Sebagian besar postingan di FB Group tersebut adalah menyampaikan tentang biaya imunisasi yang mahal di DSA, kemudian mereka mencari tahu jika dibandingkan dengan imunisasi di Puskesmas dan Bidan. Dari membaca beberapa thread di grup tersebut, akhirnya saya mantap untuk imunisasi Dimas selanjutnya cukup di Bidan saja.

Kebetulan di dekat sekolah Satria ada Bidan Delima yang praktek yaitu Bidan Dini Melani. Langsung saja jauh-jauh hari saya sudah menghubungi beliau dan menanyakan jadwal imunisasi di awal bulan Februari. Beliau menjawab hari Minggu jam 7 pagi di minggu pertama. Wahhh.. pas banget dengan jadwalnya Dimas yang seharusnya tanggal 2. Jadilah Minggu pagi 4 Februari 2018 adalah pertama kalinya Dimas imunisasi di Bidan Dini Melani. Kali ini imunisasi Polio 2 dan imunisasi combo DPT+HB+Hib 2.

Sebelum disuntik, saya sempat tanya jawab dengan staf-staf bidan Dini:
Staf: “Sebelumnya imunisasi dimana, Bu?”
Saya: “Sejak lahir di RS Hermina.”
Staf: “Tapi imunisasi disini efeknya demam lho, bu..”
Saya: “Tidak apa-apa.” (menjawab dengan mantap)
Kemudian Dimas mulai ditimbang dan diukur tinggi badan dan lingkar kepala. Dua bulan tidak ditimbang, ternyata sekarang berat badan Dimas mencapai 7,2 kg (pantesan berat banget akhir-akhir ini), tinggi badan 64 cm, lingkar kepalanya saya lupa.

Setelah itu dilakukan tindakan imunisasi. Di paha kanan disuntikkan vaksin Polio 2, sedangkan di paha kiri disuntikkan vaksin DPT+HB+HiB 2. Staf Bidan Dini juga berpesan agar jika paha kiri membengkak agar dikompres dengan air hangat dan jika Dimas demam agar segera diberikan penurun panas. Sebelum disuntik, saya sempat bertanya:
Saya: “Kemarin di DSA merknya Hexaxim, kalo disini merknya apa?”
Staf: “Pentabio, dari pemerintah.”
Saat disuntik, Dimas sempat menangis keras, mungkin memang terasa sakit hehehe.. Hingga selesai disuntik, Dimas masih menangis sekitar 5 menit.

Imunisasi Polio 2 & DPT-HB-Hib 2

Bekas suntikan vaksin combo DPT+HB+HiB 2 di paha kanan.

Bekas suntikan vaksin Polio 2 di paha kiri.

Setelah Dimas selesai menangis dan semua sudah beres, saya menanyakan berapa biayanya, dijawab Rp 125.000 (seratus dua puluh lima ribu rupiah)! Alhamdulillah.. padahal saya sudah menyiapkan Rp 500.000 karena di grup GESAMUN ada berbagai versi nominal pembayaran :D. Oiya, bayar Rp 125.000 itu sudah termasuk biaya administrasi dan satu botol Sanmol lhooo..
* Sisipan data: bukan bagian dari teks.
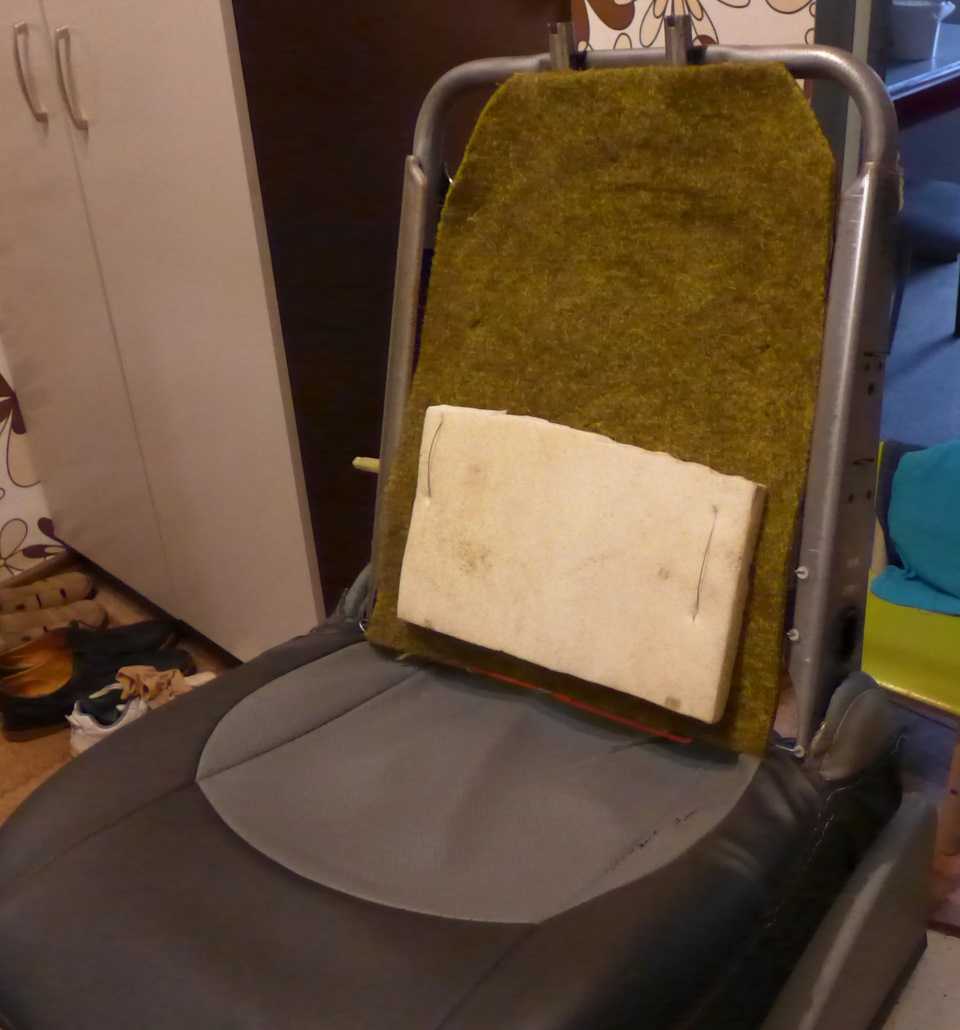На предыдущих фотках видно как металлическая стенка начинает жестко рвать паралон набивку сиденья. Укрепим конструкцию добавив полезные подкладки и паралонку.
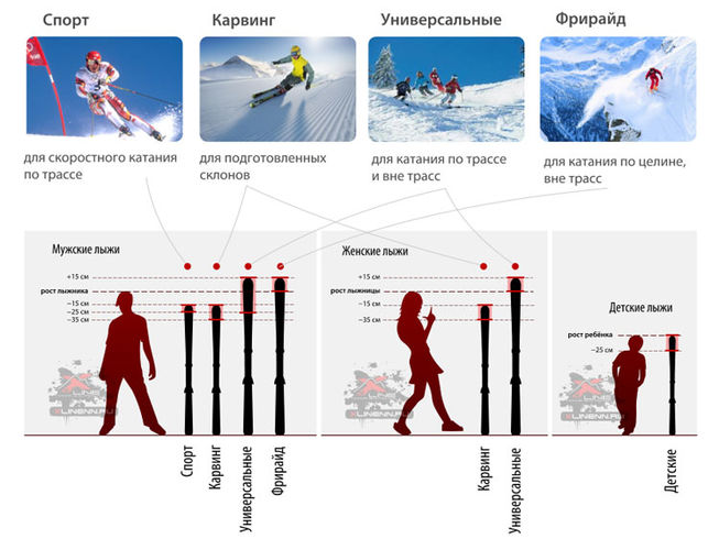 • если собираетесь кататься только по трассам, выбирайте лыжи на 5-10 сантиметров короче вашего роста;
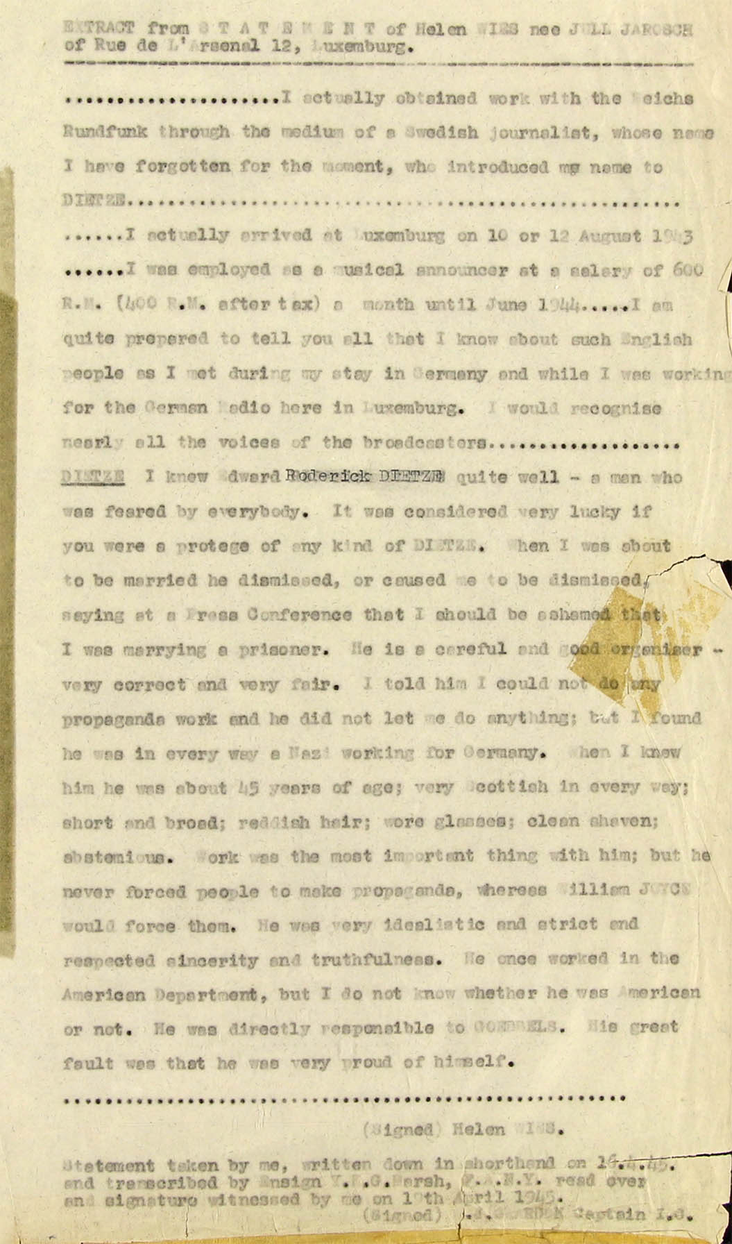 by an American newspaper man called Warren E. Irvin who had while in Germany has recommended Dietze as an interpreter. He said that Dietze had been gaoled by the Gestapo at the outbreak of war as a potential British spy, then cleared himself and was allowed to continue his work as a free-lance broadcaster handling English programmes.

Alhamdulillah sampai saat menulis ini, Dimas tidak mengalami demam. Meskipun agak rewel, namun bolak-balik saya cek menggunakan termometer digital, suhunya tetap stabil di angka 36,7 derajat Celcius. Jadi kemungkinan besar Dimas rewel karena bekas suntikannya masih ‘njarem’. Tapiiii, jam 1 malam ternyata demam itu datang. Dimas tidak rewel, dia santai saja, tapi saya pegang badannya anget. Kemudian saya cek dengan termometer ternyata suhunya 38,3 derajat Celcius. Langsung deh di sela-sela mimik susu, saya minumin Sanmol Drop 0,7 ml sesuai petunjuk staf Bidan. Alhamdulillah sepanjang malam Dimas tidak rewel meskipun demam, tetap mimik susu secara normal, dan tetap bisa bobok.

Setelah mengalami sendiri adanya perbedaan antara imunisasi di DSA dengan di Bidan, saya bisa menarik kesimpulan sebagai berikut:
1. Vaksin DPT+HB+HiB sama-sama combo tetapi tidak cuma satu merk.
2. DSA menggunakan vaksin bermerk (merk Hexaxim), sedangkan Bidan menggunakan vaksin dari pemerintah (merk Pentabio).
3. Beda merk tetapi manfaatnya sama.
4. Beda merk, beda pula pada efeknya. Vaksin dari DSA tidak memberikan efek demam, sedangkan dari Bidan bisa menimbulkan efek demam.
5. Bayi mengalami demam atau tidak, tergantung pada stamina masing-masing juga.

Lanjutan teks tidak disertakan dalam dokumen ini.